This test is useless. It was subjective.
Of course the test is subjective (if you mean by that that the criterion was listening, not measurement). Do you want to say that by looking into plots of two compression-mangled tunes (waveform, spectrum, whatever) you can say which sounds better? The whole purpose of lossy compression is to produce a file that
sounds indistinguishable from the original in as little space as possible. If the test was realy double-blind as they claim, that is as objectively as you get.
The MP3 encoder was not Fraunhofer's.
OK, perhaps they sould have tested inventor's codec, as they did with others.
Actual file size advantages between codecs was not compared. (the only reason to bother with lower bitrates)
Er, perhaps I am wrong, but what else is there in the files except the audio stream? Doesn't 128kb/s mean exactly that, 128 kilobits of data per second of playtime?
Other formats (not MP3) are not playable in most appliances other than a PC.

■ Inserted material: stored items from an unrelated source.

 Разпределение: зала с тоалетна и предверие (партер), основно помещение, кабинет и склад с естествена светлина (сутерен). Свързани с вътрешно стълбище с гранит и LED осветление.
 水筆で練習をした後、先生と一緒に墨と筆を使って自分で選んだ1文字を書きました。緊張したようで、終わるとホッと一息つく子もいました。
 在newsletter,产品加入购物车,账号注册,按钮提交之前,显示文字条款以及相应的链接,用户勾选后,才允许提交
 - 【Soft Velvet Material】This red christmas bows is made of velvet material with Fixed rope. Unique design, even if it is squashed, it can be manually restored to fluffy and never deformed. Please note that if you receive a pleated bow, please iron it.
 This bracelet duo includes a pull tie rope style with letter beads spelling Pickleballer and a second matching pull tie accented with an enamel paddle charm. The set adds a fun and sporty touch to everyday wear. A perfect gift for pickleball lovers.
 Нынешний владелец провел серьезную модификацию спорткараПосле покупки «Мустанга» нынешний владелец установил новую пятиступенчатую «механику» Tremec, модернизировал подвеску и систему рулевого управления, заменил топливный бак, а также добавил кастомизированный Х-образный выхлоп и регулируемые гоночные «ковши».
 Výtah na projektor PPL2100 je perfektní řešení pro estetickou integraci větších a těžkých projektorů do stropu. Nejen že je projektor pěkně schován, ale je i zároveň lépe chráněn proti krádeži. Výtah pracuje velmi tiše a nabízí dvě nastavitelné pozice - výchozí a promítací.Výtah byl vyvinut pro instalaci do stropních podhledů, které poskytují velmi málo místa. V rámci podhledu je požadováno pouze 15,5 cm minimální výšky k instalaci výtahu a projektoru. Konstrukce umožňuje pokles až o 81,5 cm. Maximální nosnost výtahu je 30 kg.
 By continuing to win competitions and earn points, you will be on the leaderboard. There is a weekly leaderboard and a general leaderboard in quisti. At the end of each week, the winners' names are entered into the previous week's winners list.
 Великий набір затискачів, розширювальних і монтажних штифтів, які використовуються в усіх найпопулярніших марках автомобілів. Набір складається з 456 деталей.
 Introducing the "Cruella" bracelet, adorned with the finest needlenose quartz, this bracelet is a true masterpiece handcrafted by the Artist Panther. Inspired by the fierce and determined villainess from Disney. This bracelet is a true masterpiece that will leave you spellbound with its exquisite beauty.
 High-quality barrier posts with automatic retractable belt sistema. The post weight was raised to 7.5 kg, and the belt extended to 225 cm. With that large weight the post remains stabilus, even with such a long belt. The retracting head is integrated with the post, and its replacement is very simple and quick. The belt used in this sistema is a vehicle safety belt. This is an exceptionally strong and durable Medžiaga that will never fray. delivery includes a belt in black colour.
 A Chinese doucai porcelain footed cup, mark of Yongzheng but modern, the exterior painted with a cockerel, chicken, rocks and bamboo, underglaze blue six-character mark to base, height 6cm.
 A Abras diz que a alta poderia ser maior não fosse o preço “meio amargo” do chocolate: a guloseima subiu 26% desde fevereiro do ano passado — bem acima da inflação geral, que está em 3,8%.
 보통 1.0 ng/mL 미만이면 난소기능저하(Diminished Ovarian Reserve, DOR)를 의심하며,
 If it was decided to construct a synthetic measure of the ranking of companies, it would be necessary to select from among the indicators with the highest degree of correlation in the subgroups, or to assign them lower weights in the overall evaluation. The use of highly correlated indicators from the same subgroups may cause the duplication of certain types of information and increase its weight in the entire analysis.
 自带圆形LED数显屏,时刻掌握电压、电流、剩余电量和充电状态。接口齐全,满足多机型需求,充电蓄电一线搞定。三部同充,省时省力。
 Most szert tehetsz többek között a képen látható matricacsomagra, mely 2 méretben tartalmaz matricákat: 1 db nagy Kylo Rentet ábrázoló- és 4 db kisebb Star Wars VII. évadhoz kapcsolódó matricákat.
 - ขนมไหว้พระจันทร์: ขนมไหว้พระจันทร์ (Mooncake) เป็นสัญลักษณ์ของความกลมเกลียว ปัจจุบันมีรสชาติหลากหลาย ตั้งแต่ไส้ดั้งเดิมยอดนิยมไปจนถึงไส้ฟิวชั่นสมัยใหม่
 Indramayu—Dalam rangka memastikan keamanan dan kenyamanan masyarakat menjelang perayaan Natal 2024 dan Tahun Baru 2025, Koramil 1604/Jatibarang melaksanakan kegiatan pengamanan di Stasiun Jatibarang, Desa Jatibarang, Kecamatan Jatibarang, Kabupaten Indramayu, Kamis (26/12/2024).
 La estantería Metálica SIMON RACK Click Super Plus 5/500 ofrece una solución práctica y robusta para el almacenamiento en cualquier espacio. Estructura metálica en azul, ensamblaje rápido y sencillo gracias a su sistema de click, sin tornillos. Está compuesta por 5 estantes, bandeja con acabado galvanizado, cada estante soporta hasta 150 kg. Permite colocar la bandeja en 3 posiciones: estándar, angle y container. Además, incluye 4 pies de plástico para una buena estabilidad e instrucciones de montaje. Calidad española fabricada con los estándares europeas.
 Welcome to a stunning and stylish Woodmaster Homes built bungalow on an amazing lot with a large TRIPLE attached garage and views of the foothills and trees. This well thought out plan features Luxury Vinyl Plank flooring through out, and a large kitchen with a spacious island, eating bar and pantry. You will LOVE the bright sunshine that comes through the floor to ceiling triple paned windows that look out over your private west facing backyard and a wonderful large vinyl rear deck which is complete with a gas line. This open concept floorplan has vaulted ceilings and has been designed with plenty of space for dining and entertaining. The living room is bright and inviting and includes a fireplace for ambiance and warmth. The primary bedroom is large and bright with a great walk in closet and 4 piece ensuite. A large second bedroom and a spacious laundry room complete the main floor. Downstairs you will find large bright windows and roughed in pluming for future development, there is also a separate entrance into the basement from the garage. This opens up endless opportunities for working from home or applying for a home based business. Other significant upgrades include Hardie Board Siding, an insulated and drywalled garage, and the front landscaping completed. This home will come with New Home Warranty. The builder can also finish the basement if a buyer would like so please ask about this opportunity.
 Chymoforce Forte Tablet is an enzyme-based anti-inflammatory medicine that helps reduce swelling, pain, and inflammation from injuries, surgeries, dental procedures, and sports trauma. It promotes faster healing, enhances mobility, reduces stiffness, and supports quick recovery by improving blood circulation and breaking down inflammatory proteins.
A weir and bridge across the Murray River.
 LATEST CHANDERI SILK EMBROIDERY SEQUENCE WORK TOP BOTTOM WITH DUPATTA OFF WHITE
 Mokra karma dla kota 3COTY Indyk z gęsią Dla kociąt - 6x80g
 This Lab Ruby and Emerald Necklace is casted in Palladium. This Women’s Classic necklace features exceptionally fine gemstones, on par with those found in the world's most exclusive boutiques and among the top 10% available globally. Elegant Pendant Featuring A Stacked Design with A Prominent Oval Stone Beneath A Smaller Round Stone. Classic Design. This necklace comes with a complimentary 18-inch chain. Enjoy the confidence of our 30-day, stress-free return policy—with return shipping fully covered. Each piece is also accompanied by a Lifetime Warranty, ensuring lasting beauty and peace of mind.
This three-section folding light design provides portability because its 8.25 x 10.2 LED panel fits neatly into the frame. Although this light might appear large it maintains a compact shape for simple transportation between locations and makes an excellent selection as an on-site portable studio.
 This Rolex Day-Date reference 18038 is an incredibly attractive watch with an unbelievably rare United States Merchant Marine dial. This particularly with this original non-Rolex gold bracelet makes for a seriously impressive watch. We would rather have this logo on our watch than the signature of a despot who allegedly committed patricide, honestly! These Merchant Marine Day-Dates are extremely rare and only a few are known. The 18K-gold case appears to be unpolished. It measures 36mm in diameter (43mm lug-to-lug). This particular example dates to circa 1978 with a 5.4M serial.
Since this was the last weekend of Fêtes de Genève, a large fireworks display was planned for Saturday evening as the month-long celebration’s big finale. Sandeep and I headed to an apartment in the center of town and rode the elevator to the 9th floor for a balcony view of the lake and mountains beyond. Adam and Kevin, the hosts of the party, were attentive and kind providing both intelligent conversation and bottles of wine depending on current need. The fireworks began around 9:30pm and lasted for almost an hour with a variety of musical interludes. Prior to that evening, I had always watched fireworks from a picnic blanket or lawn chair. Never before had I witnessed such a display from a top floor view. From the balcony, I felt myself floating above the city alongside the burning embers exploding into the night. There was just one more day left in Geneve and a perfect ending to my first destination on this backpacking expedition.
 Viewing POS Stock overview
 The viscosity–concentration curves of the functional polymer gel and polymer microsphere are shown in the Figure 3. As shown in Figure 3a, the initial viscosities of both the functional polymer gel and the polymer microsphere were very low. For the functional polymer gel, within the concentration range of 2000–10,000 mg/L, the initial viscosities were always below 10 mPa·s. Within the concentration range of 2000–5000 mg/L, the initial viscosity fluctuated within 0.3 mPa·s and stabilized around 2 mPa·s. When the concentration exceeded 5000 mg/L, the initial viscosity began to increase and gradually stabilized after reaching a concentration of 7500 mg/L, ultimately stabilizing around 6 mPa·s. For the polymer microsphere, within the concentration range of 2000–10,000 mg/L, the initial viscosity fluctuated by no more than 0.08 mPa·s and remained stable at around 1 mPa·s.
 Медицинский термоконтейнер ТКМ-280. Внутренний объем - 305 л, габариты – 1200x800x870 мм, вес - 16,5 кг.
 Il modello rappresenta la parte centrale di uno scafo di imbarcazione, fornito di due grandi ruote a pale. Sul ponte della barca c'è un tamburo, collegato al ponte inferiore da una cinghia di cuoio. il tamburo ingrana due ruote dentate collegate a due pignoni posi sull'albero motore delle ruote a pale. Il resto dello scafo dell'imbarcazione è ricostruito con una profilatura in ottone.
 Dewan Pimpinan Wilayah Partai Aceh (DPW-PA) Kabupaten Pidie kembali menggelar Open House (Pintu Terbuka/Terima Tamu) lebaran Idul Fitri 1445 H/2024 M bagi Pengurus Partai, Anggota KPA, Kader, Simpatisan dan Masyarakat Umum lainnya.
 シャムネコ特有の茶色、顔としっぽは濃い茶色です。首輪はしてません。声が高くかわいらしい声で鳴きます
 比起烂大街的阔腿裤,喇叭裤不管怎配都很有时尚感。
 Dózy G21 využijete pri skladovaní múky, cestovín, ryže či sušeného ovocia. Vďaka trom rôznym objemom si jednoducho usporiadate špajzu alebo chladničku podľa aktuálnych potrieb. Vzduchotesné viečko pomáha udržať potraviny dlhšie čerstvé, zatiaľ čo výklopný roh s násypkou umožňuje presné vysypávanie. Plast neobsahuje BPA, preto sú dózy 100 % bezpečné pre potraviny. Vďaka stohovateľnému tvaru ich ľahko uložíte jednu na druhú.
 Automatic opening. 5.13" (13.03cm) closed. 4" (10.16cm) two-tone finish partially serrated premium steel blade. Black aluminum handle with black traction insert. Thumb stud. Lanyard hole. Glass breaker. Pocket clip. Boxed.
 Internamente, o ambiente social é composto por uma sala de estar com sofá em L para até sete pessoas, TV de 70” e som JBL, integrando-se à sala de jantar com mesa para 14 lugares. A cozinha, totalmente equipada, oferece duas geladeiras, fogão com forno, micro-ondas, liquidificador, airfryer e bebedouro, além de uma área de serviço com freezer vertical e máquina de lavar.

At least one more is (if only for a handfull of 2.0 alpha testers
). They did not test how
practical various codecs are, but how difficult it is to distinguish their result from the original.
Just to name a few. The whole thing is a joke.
As I said, the test was rather naive and did not address any of more subtle aspects of obtaining a good compression, but still has some value (at least for mass audience).